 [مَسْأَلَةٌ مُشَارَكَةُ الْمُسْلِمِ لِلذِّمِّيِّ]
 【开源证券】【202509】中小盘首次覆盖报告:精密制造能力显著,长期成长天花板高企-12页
---
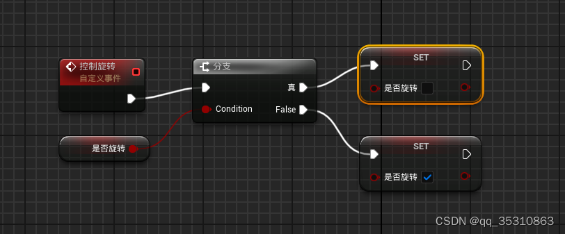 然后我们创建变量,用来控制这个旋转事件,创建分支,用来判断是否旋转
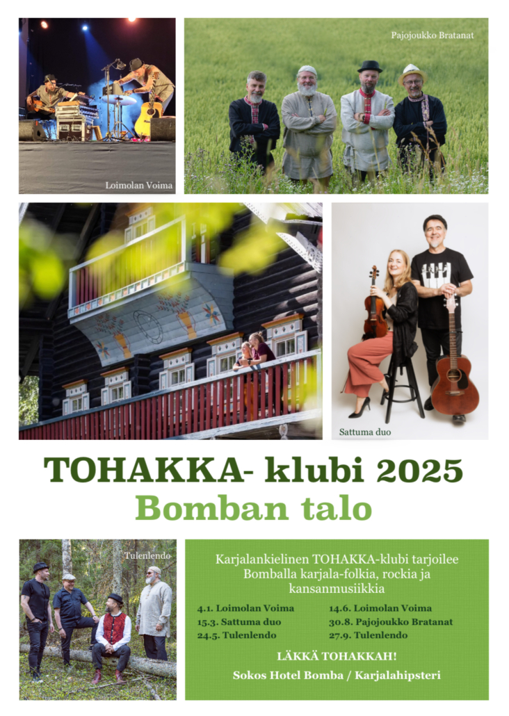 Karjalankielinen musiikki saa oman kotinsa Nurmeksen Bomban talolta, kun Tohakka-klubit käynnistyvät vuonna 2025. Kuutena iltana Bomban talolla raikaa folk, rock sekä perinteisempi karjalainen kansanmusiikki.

_Exercise requirements_
Copy out exactly the material that runs from the line with "然后我们创建变量,用来控制这个旋转事件,创建分支,用来判断是否旋转" to the line with "Karjalankielinen musiikki saa", ends included, and leave the pictures behind.

_Task output_
 然后我们创建变量,用来控制这个旋转事件,创建分支,用来判断是否旋转
 Karjalankielinen musiikki saa oman kotinsa Nurmeksen Bomban talolta, kun Tohakka-klubit käynnistyvät vuonna 2025. Kuutena iltana Bomban talolla raikaa folk, rock sekä perinteisempi karjalainen kansanmusiikki.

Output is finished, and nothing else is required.